The live curses UI uses an nvitop-style layout with boxed node telemetry, block bars for memory and utilization, cluster resource bars, and a boxed job queue.

Interactive controls:

  • Up/down arrows select node or job rows; Tab switches between the node and job panels.
  • Mouse clicks select visible node or job rows; mouse wheel moves selection within the panel under the cursor.
  • Click outside selectable rows, or press c, to clear the current selection.
  • Press Enter on a selected GPU node to open nvitop on that node over ssh; press q in nvitop to return to smtop.
  • Press k on your own selected job to open a confirmation dialog for scancel.

By default, smtop uses ssh telemetry and, for nodes that reject ssh, submits CPU-only helper jobs to establish persistent SSH master connections. Helper jobs request one CPU, 100M memory, no GPU, and sleep for 15 minutes by default. They are submitted in parallel. For unlocked nodes, smtop starts a persistent SSH telemetry channel while the helper job is active, then cancels the helper job after that node returns its first successful GPU telemetry sample. Use --unlock-hold-jobs if your cluster needs the helper jobs to stay alive for every telemetry refresh, or --unlock-keep-jobs to leave helper jobs running after smtop exits. To avoid repeated helper churn on nodes that keep rejecting or dropping telemetry, smtop submits at most three helper jobs per node per run by default; change this with --unlock-max-attempts.

Nodes that Slurm reports as unavailable, such as DOWN or NODE_FAIL, are not unlocked or sampled; the node table reports the Slurm state instead.

Unlocking retries SSH master setup for up to 60 seconds by default. The curses UI keeps accepting q and r while telemetry and unlock work runs in the background. If a node still cannot be sampled, the ERR column prefers unlock diagnostics such as unlock submit denied, unlock PD Resources, unlock timeout, unlock metric denied, or unlock nvidia missing over the original access-denied message.

When Enter opens nvitop for a GPU node, smtop temporarily suspends its curses screen and starts ssh -tt <node> bash -lc '<nvitop command>'. At startup, smtop resolves the default nvitop executable and terminfo paths from the local environment and stores those values for later Enter launches, which works well on clusters with shared home directories or shared conda paths.

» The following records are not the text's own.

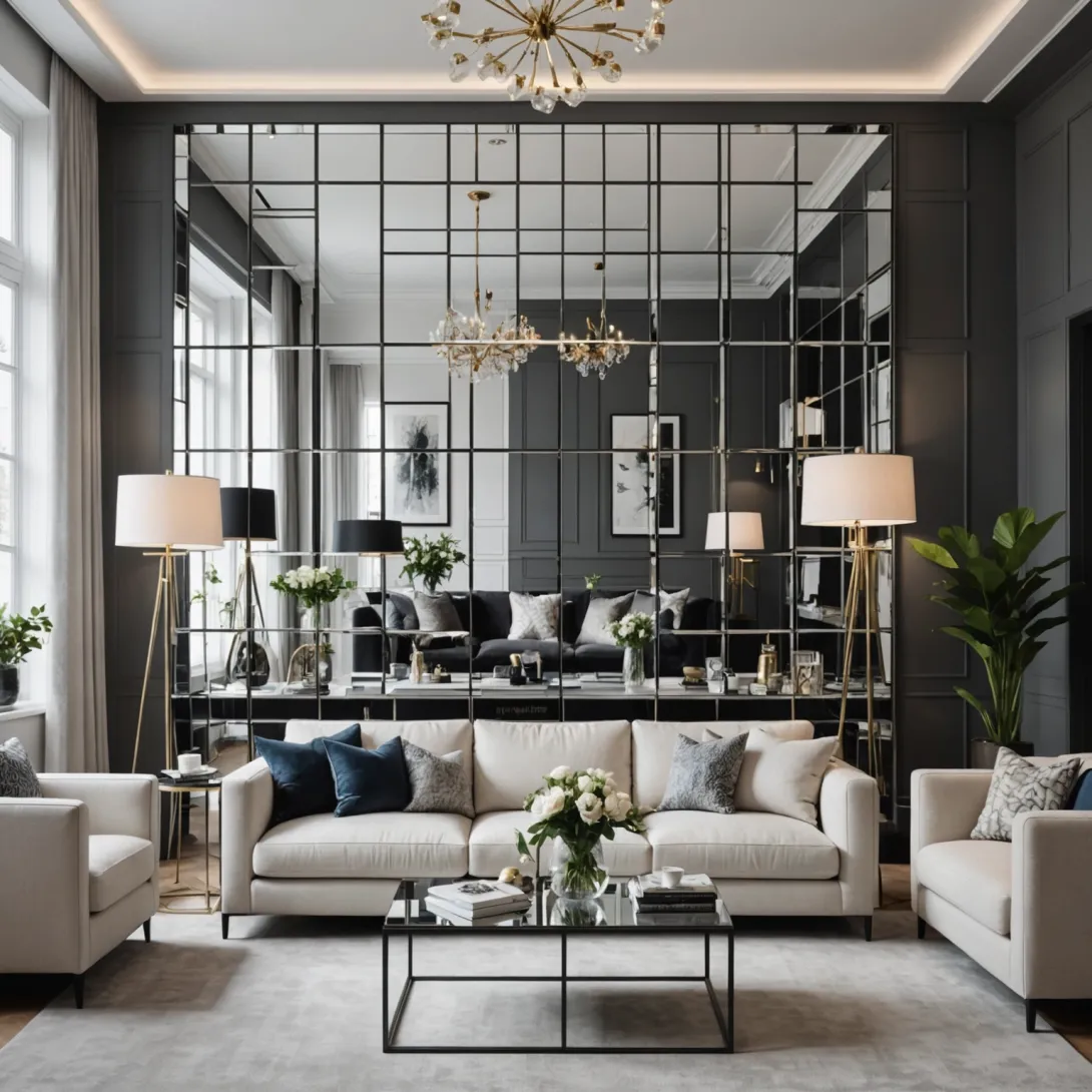 - Гостиная с зеркальными квадратами: Размещение наклеек в виде сетки на одной из стен создаёт иллюзию зеркальной панели, придающей комнате глубину и визуальное расширение.
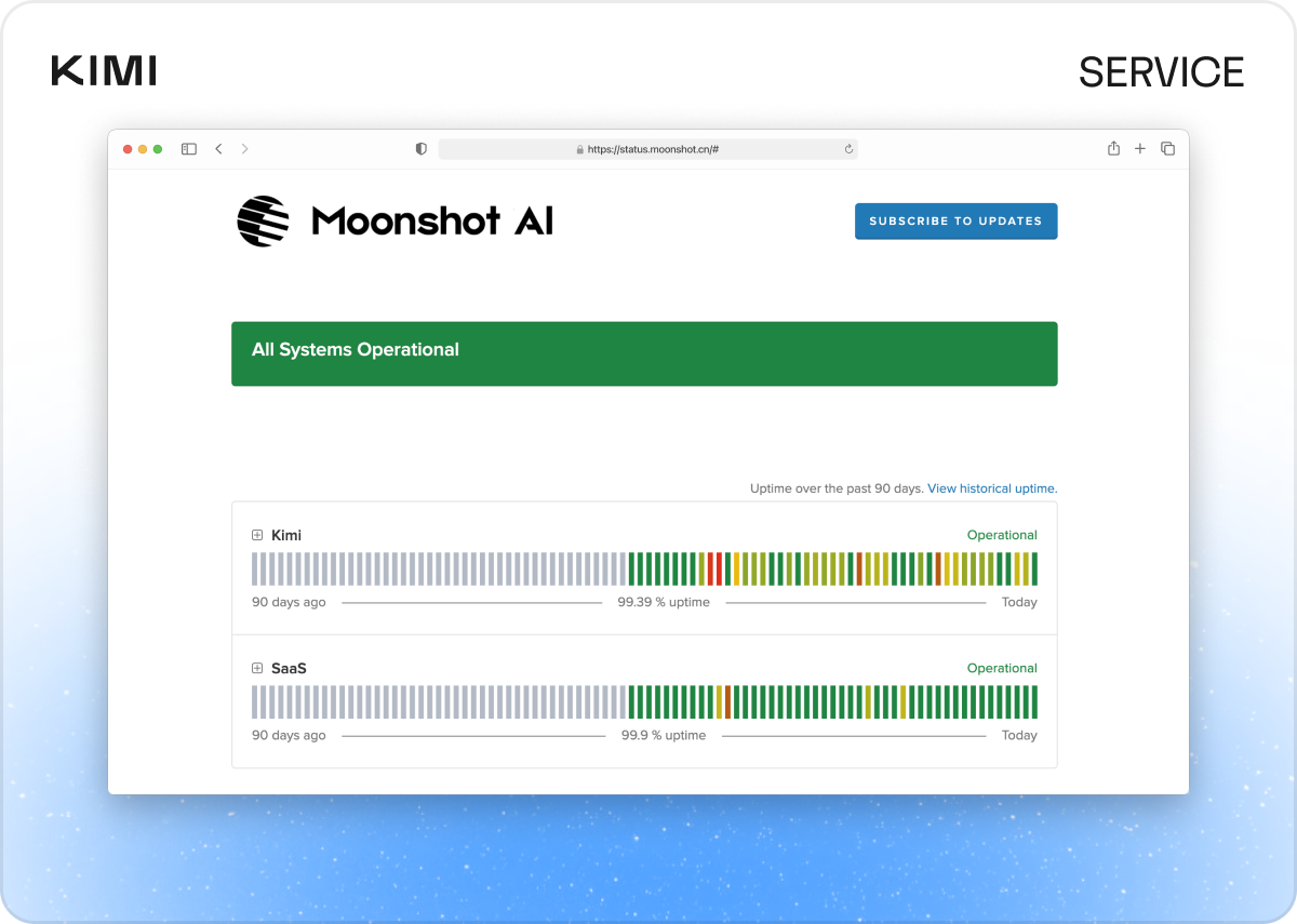 我们近期新增了系统状态查看页面(Status page),支持查看 Kimi 产品及 API 的实时运行情况,包括搜索、文件上传、登录等服务模块。
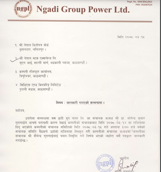 कम्पनीका यस भन्दा अगाडिका अध्यक्ष डा. भोगेन्द्र कुमार गुरागाईंले व्याक्तिगत कारण देखाई सञ्चालक पदबाट राजिनामा दिएका थिए । उनको राजिनामा असार १५ गते स्वीकृत गरी शैलेन्द्र गुरागाईं नियुक्त गरेको जनाएको छ ।

A small transition screen hides the shell while ssh and remote nvitop initialize. Existing smtop SSH masters and persistent telemetry channels stay open; they are only cleaned up when smtop itself exits. Use --nvitop-command to override the remote command or --nvitop-term to override the exported terminal type.

Project details


Download files

Download the file for your platform. If you're not sure which to choose, learn more about installing packages.

Source Distribution

smtop-0.10.11.tar.gz (32.8 kB view details)

Uploaded Source

Built Distribution

If you're not sure about the file name format, learn more about wheel file names.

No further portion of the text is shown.